FDA 510(k)

8ch Flex Suite

K-Number: K172222 · 2017-12-08

Decision Date2017-12-08

Product CodeMOS

Advisory CommitteeRA

DecisionSubstantially Equivalent

Device Summary

8ch Flex Suite is a medical device manufactured by Shenzhen RF Tech Co., Ltd.. It received FDA 510(k) clearance on 2017-12-08 under approval number K172222. The device is classified under product code MOS. It was reviewed by the RA advisory panel. FDA Decision: Substantially Equivalent.

Frequently Asked Questions

What is the 8ch Flex Suite?

8ch Flex Suite is a medical device that received FDA 510(k) clearance on 2017-12-08. It is manufactured by Shenzhen RF Tech Co., Ltd.. The 510(k) number is K172222.

When was 8ch Flex Suite approved by the FDA?

8ch Flex Suite received FDA 510(k) clearance on 2017-12-08, under approval number K172222.

What company makes 8ch Flex Suite?

8ch Flex Suite is manufactured by Shenzhen RF Tech Co., Ltd..

What is the FDA product code for 8ch Flex Suite?
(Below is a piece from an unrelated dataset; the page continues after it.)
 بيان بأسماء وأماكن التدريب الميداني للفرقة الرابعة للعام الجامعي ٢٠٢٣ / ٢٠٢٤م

The FDA product code for 8ch Flex Suite is MOS.

Other Devices by Shenzhen RF Tech Co., Ltd.

K1609328ch Foot Ankle Coil K1609358ch Foot Ankle Coil K2008368ch Flex Suite K2232398ch Wrist Coil K2310851.5T HD T/R Knee Array (10-F34127) K2232031.5T 24E Posterior Array

View all 11 devices →

Related Devices (Code: MOS)

K16262316ch T/R Hand Wrist CoilQuality Electrodynamics, LLC K162966TxRx Knee 15 Flare MR Coil 1.5TQuality Electrodynamics, LLC K163066TxRx Knee 15 Flare MR Coil 3.0TQuality Electrodynamics, LLC K162863dS Small Extremity 16CH 1.5T CoilInvivo Therapeutics Corporation K16202916ch T/R Knee CoilQuality Electrodynamics, LLC K162079TRILLIUM Oval Head Coil 32Hitachi Medical Systems America, Inc.

Official Source

View on FDA Database →

Data sourced from FDA Open API. For the most current and authoritative information, always refer to the official record.